Ryo apagó la pantalla con un clic seco. Nada de eso le importaba ya. Su guerra personal ya estaba ganada. Había coleccionado la sombra más brillante de Suzuran y la había encerrado en su propia oscuridad. Y no tenía la menor intención de dejar que la luz volviera a tocarla.
Izaki Shun se despertó poco después, sintiendo el peso de la realidad cayendo sobre él. Miró a su alrededor, esperando que todo hubiera sido un sueño febril, pero el olor de Ryo en las sábanas y el dolor sordo en su cuerpo le recordaron dónde estaba. Intentó levantarse, pero la debilidad lo venció.
—¿Ya estás despierto? —La voz de Ryo llegó desde la puerta. Estaba allí, impecable, con una bandeja en las manos—. He preparado el desayuno.

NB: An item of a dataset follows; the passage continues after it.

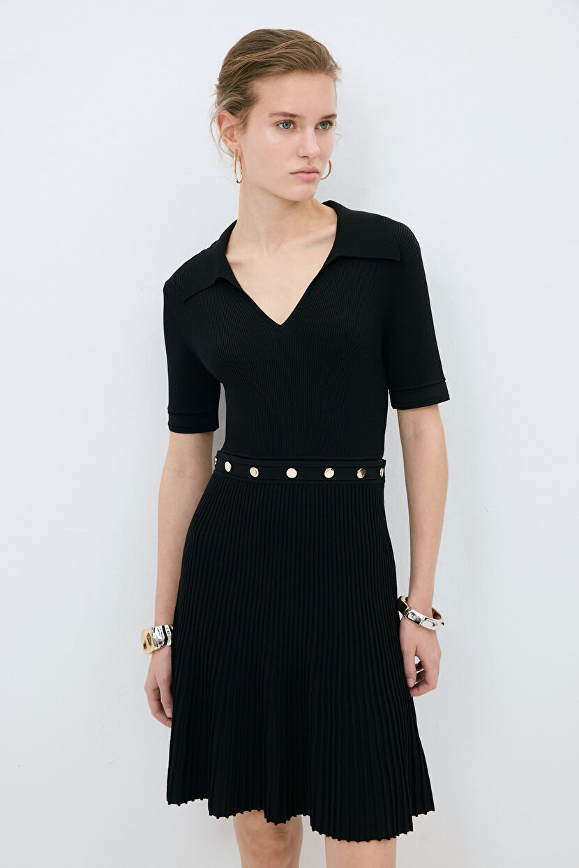Black Stand Collar Knitwear Dress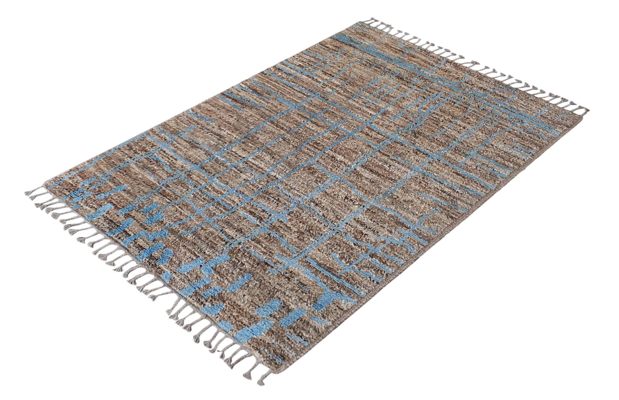 Carpet ID: 283953005616996 Size: 189x129 cm Thickness: ap. 25 mm Knot density: 96 000 - 120 000 / m² Manufacturing: Knotted by hand Pile: Handspun wool Warp: Cotton Origin: Pakistan Age: New Weight: ap. 10 kg Also know as Beni Ourain, Beni Ouarain, Boucherouite In stock: Unique - Only 1 in stock

Necesitas recuperar fuerzas.
—¿Para qué? —preguntó Izaki, su voz apagada—. ¿Para que puedas volver a usarme como un juguete?
Ryo dejó la bandeja en la mesilla de noche y se sentó a su lado. Tomó un trozo de fruta y se lo acercó a los labios a Izaki.
—No eres un juguete, Shun. Eres un invitado de honor. Y te quedarás aquí hasta que entiendas que no hay ningún otro lugar al que pertenezcas.
Izaki miró la fruta y luego a Ryo. Vio la determinación en esos ojos pálidos y comprendió que la cerradura de la puerta era solo el principio. La verdadera prisión era la mente de Ryo, y él ya estaba atrapado en lo más profundo de ella.
Aceptó la comida, sabiendo que cada gesto de cuidado de Ryo era una cadena más. Pero por ahora, mientras sus heridas sanaban y el mundo exterior se olvidaba de él, Izaki Shun se permitió cerrar los ojos y dejarse llevar por la extraña y peligrosa calma del Coleccionista de Sombras. La guerra de Suzuran estaba lejos; su verdadera batalla acababa de empezar, y era una que no podía ganar con los puños.